2.3. Groundwater Flow Model

Groundwater flow simulations were carried out with MODFLOW-NWT numerical code [57]. The model was set-up with GMS 10.4 [58] and ModelMuse [59] graphical interfaces, while the FloPy [60] library was used to prepare data for transient simulations.
In line with the finite difference discretization of MODFLOW, we used a rectangular grid with 6 layers, 410 rows, and 296 columns. The total number of cells was 728,160, of which 340,496 were active. The spacing in horizontal directions was uniform and equal to 50 m in order to capture the topographic features and minimize discretization errors. The 6 layers were defined as follows: (I) Sandy, perched aquifers, occurring locally (Qp), (II) low-permeability till deposits, (III) sub-moraine aquifer in glacifluvial sand (Q1), (IV) low permeable till layer, (V) inter-moraine aquifer in glacifluvial sand (Q2), (VI) low-permeability layer representing Quarternary glacial till and Neogene clay and silt. The range of hydraulic conductivity values for each layer is presented in Table 2.
In all steady and transient simulations, we used the same set of boundary conditions and source terms, assumed to be constant in time, except for the recharge rate. The sea boundary was represented by a constant head boundary in the Q1 aquifer (direct hydraulic contact with water in Puck Bay) and by a general head boundary (GHB, third type) in the Q2 aquifer, which represented the outflow through a distant outcrop at the sea bottom (the discharge zones are situated in the bottom of the Puck Bay, at a distance of 2–3 km from the coast). The GHB boundary was also used to simulate lateral flow across the land part of the boundary in Q1, Q2, and those perched aquifers (Qp), which were intersected by the model boundary. Wells were assumed to be constantly in operation and the pumping rates were identified based on the available reports from groundwater administration. Rivers were represented by the third-type boundary conditions (RIVER package). The river stages were assumed to be constant in time and represented average values from measurements and earlier reports.
The results obtained from SWAT were processed by scripts written in the Python language using the FloPy library, in order to set the recharge values in the MODFLOW model. In steady-state simulations, we used the average values in each HRU from the period of 2000–2009. For transient simulations, monthly averages were calculated for each HRU from SWAT daily results. We followed the approach described by [15] to transfer HRU-based SWAT results to the grid-based MODFLOW input.
Calibration of the groundwater flow model was based on the steady-state solution, representing average conditions in the period of 2000–2009. We used groundwater head measurements from 95 points in the area. A good agreement was obtained (mean error 0.29 m, mean absolute error 1.10 m, and standard error 1.79 m). The comparison of calculated and measured groundwater head values for all three aquifers (Qp, Q1, and Q2) is shown in Figure 3. In order to validate the model, a number of simulations based on historical records of pumping tests were performed. They confirmed that the model was calibrated adequately.

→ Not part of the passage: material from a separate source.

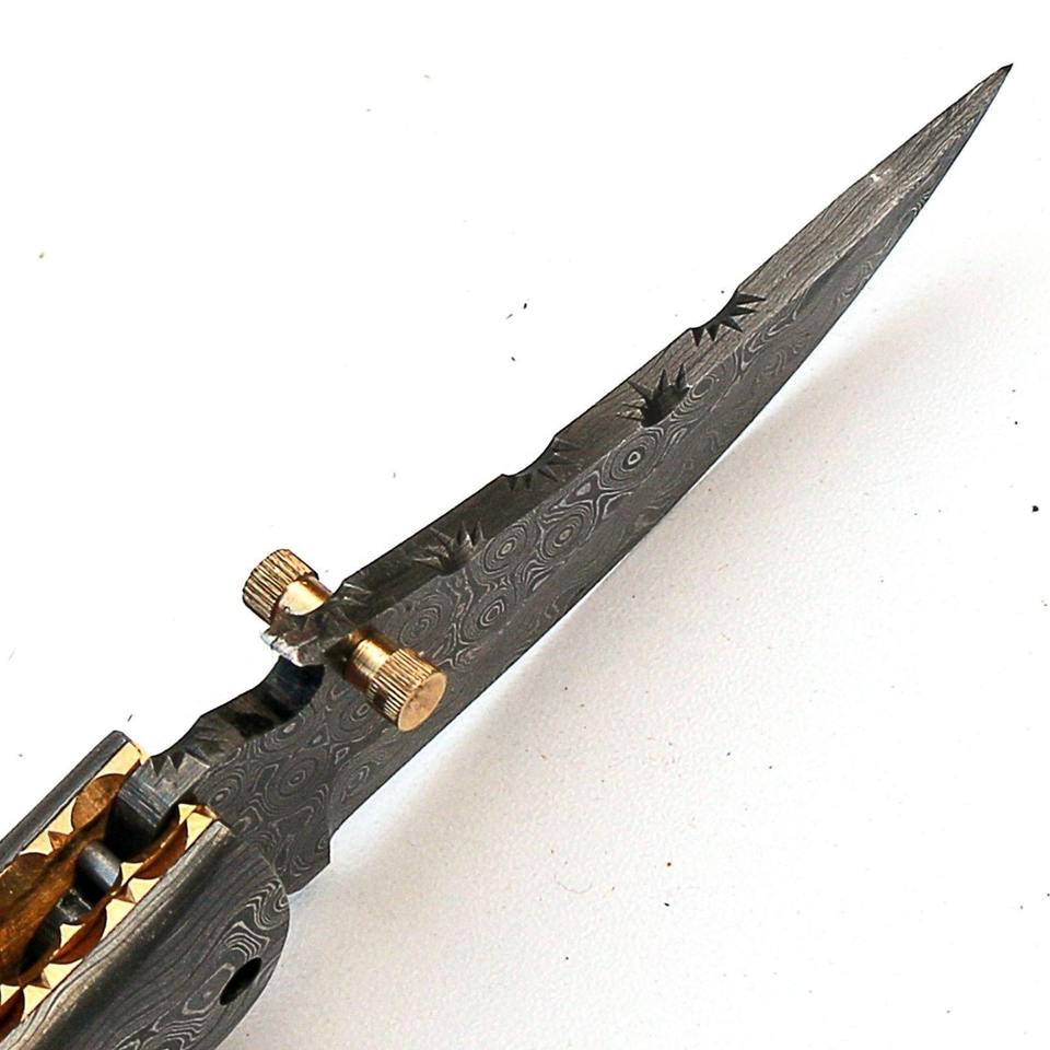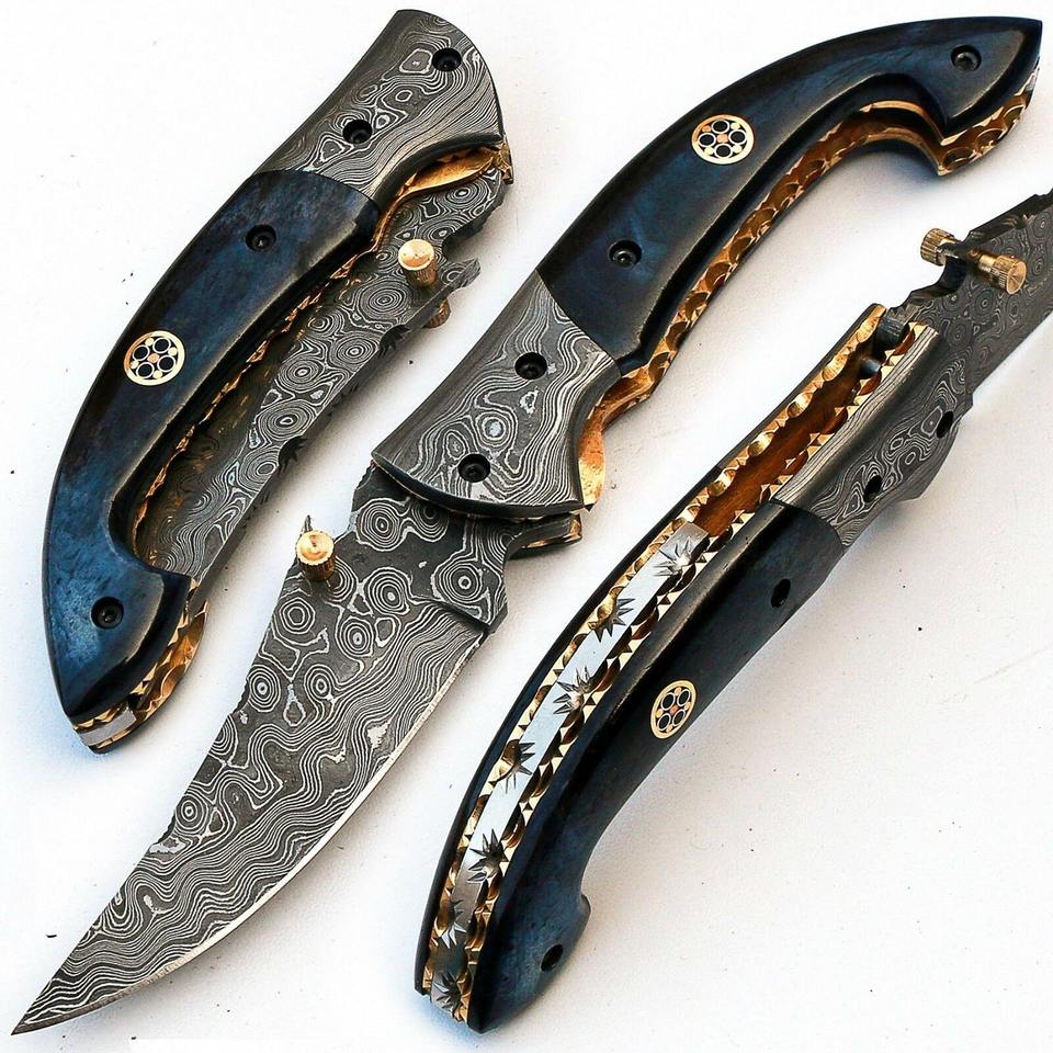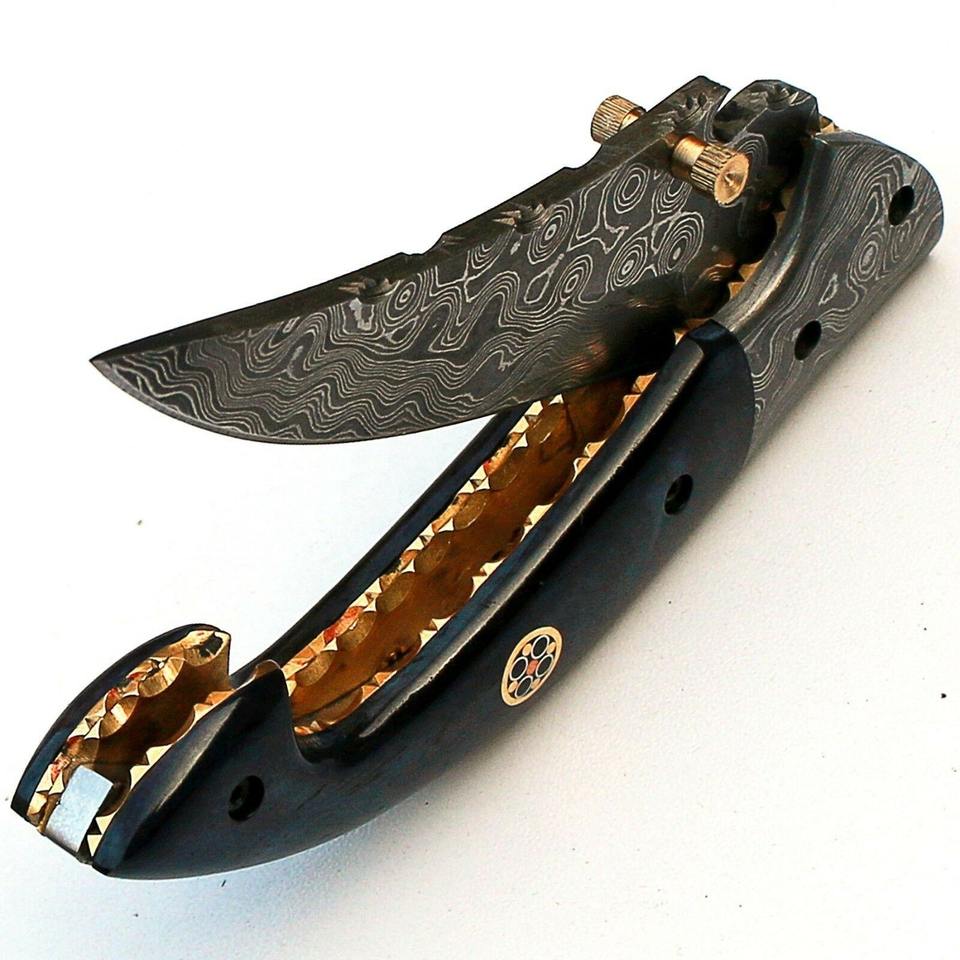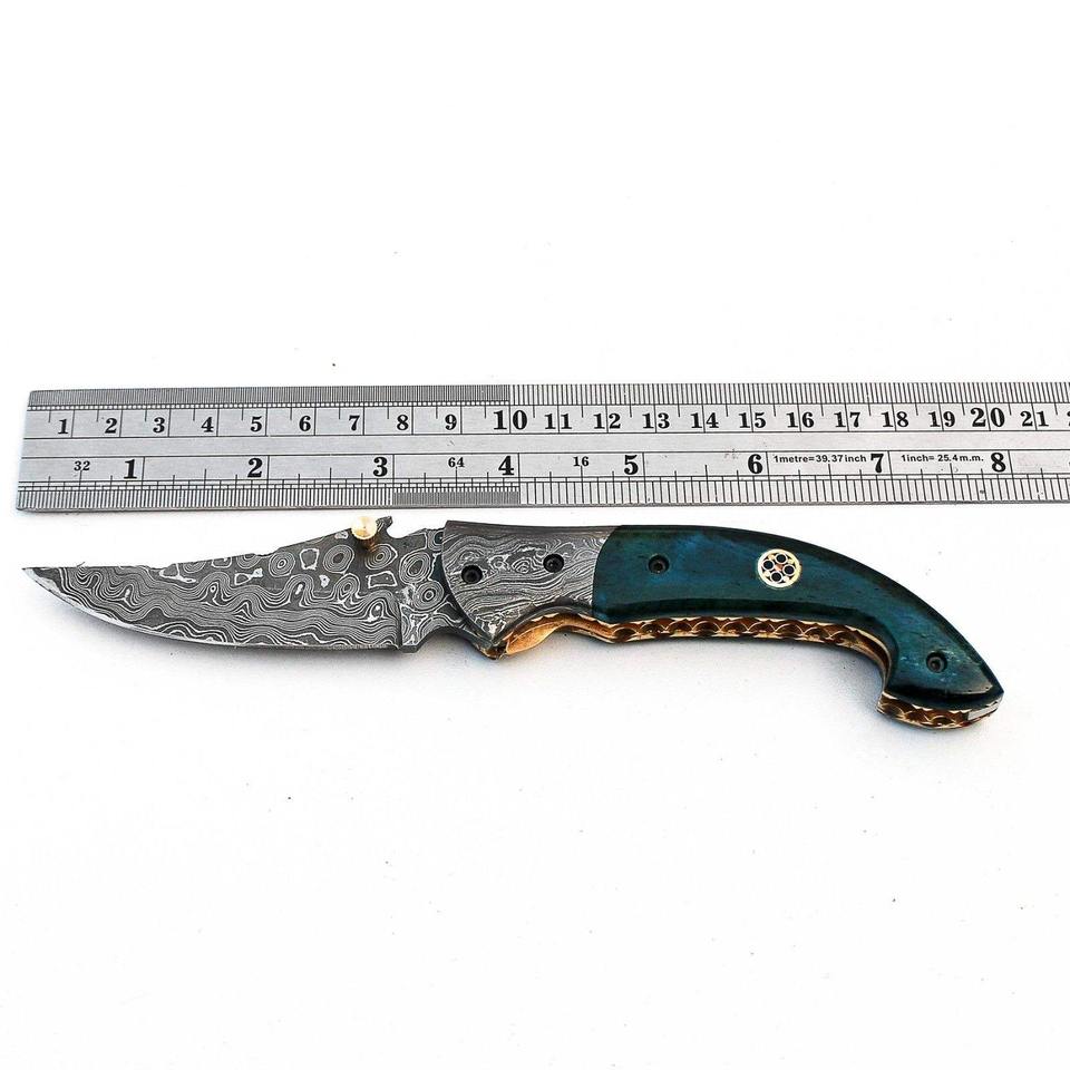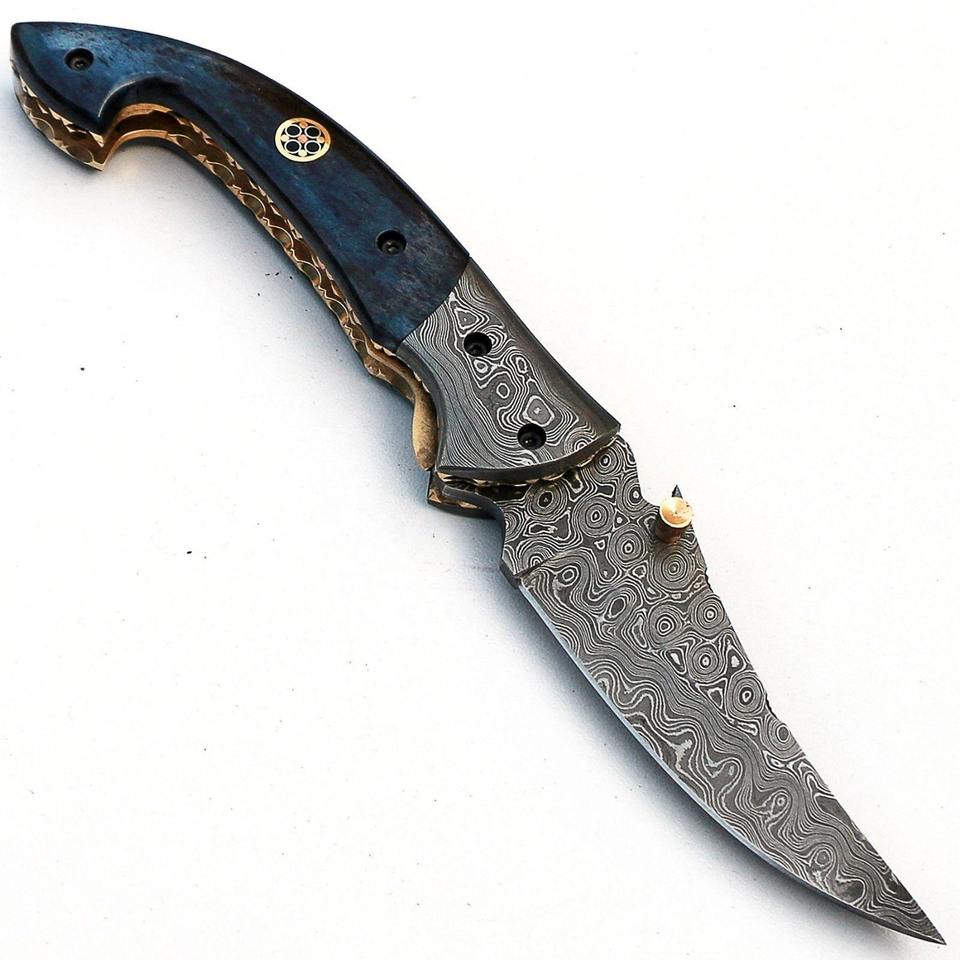 มีดพับพกพาเหล็กดามัสกัสเกรดอุตสาหกรรม ผลิตด้วยมือ รองรับ OEM ด้ามไม้/กระดูก/เรซิ่น ผลิตในปากีสถาน

2.4. Nitrate Transport Model

Based on the groundwater flow model developed in MODFLOW, a simulation of N-NO3 transport was carried out. MT3DMS numerical code was applied to solve the advection–reaction–dispersion equation. Transient calculations were performed with the third-order total-variational diminishing (TVD) numerical method for the advective term, while for steady-state solution, the standard finite difference discretization was applied.
Porosity and longitudinal dispersivity were assigned depending on the soil material. The values were selected based on the literature. Longitudinal dispersivity was assumed to be 1.5 m in permeable layers [61] and 0.75 m in the case of low-permeability layers [62]. Values of porosity were assigned equal to 0.2 in sand and gravel and 0.1 in glacial till. Denitrification of nitrates was described with the first-order kinetic reaction [63,64,65,66]. We used a constant reaction rate of biodegradation equal to 1 × 10−5 1/h, which was established by model calibration.
In the model, we considered only diffuse sources of nitrates. Concentrations of N-NO3 in water reaching the groundwater table were calculated from the results of SWAT simulation for the years of 2000–2009 for each HRU. As in the case of groundwater recharge, the transfer of HRU-based SWAT data to grid-based MT3DMS data was carried out with the aid of Python scripts, making use of the FloPy library. In the areas of the groundwater model not covered by SWAT, we used a concentration value representing an average taken over the whole SWAT model area in the considered time period.
The model of nitrate transport was calibrated manually by adjusting the reaction rate in order to obtain a satisfactory agreement between the calculated N-NO3 concentrations and the results of chemical analysis of the samples taken from the aquifers. Calibration was based on a steady-state flow and transport simulation, using average values of recharge and nitrate loads from the period 2000–2009 and the current land use and agricultural practices. The range of N-NO3 concentrations in layer Q1 obtained from the numerical simulation was 3.8 × 10−6–62.88 mg/dm3, while the range of measured concentrations was <0.02–20.78 mg/dm3 (0.02 is the detection limit). The values obtained from numerical modeling for layer Q2 were from 0.0012 to 1 mg/dm3, while the measured values ranged between <0.02 and 0.23 mg/dm3.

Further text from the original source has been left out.